Kritika Kultura lecture with Dr Mark Redondo Villegas of Franklin & Marshall College explores how Filipino Americans have reclaimed their space through hip hop
12 Nov 2024
On 9 November 2024, Kritika Kultura, the international peer-reviewed journal of the Ateneo Literary and Cultural Studies Program, hosted a lecture titled "Back Home: Reclaiming Space Through Hip-Hop and American History." Delivered by Dr Mark Redondo Villegas from Franklin & Marshall College in Lancaster, PA, the lecture explored the relationship Filipino Americans have with hip-hop and the concept of "home."
Dr Villegas is an associate professor in American Studies at Franklin & Marshall College. He is also the author of the 2021 book, "Manifest Technique: Hip Hop, Empire, and Visionary Filipino American Culture" (University of Illinois Press). The book examines Filipino Americans' decades-long commitment to crafting, worldmaking, and collaborating in hip-hop culture. He is also the co-editor of the anthology "Empire of Funk: Hip Hop and Representation in Filipina/o American" (Cognella Academic Press).
In his lecture, Dr Villegas highlighted the significance of hip-hop among several cohorts of second- and third-generation Filipino Americans.
He stated that black popular music and dance had been central to Filipino cultural expression since the earliest years of the American annexation of the Philippines.
Even early on, this contact had already begun to highlight the similarities between the struggle of both African Americans and Filipinos in the face of a white American culture, especially the belief of "Manifest Destiny" that was pervasive during the time. Of particular note was Carter G Woodson, the founder of what would eventually be Black History Month, who spent time in the Philippines in the 1900s.
Dr Villegas noted how Woodson reflecting on his own experiences teaching Filipino kids books and subjects very far removed from their own circumstances and history, may have helped inform his own actions later in life to launch "Negro History Week," which later became Black History Month, to deal with the similar erasure of his own African American culture.
Because of this, Dr Villegas noted that once hip-hop became popularized in the 1980s, Filipino Americans – who had already interwoven within the diverse communities in the US – were already culturally equipped to excel in various forms of the genre.
In addition, beyond being just for entertainment, hip-hop became a crucial resource for Filipino Americans to reclaim space in a white-centric culture that, despite the US's entrenched history in the Philippines, tends to erase Filipinos altogether.

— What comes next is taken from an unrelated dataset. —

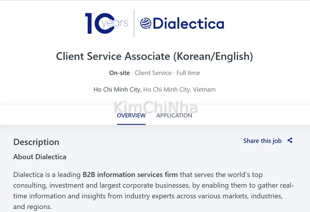 Dialectica tuyển dụng Client Service Associate biết tiếng Hàn tại TP. Hồ Chí Minh

As such, hip-hop has become active in formalized Filipino American acts of ethnic memorialization. These include the numerous Filipino American hip-acts that have sprung up in various communities in the US as well as in Filipino American History Month (FAHM).
As part of this, Dr Villegas also discussed how Filipino American History Month, celebrated every October since it was started in 1991. Dr Villegas stated that FAHM and hip-hop have allowed Filipino Americans to mark themselves as present, while developing a language of resistance against marginalization, and build meaningful community – and home – with each other and with non-Filipinos in the US.
Following the lecture, Dr Villegas and the students and faculty in attendance engaged in a lively open forum that covered various topics, including the recent US presidential election, local hip-hop in comparison to Fil-Am hip-hop, and more.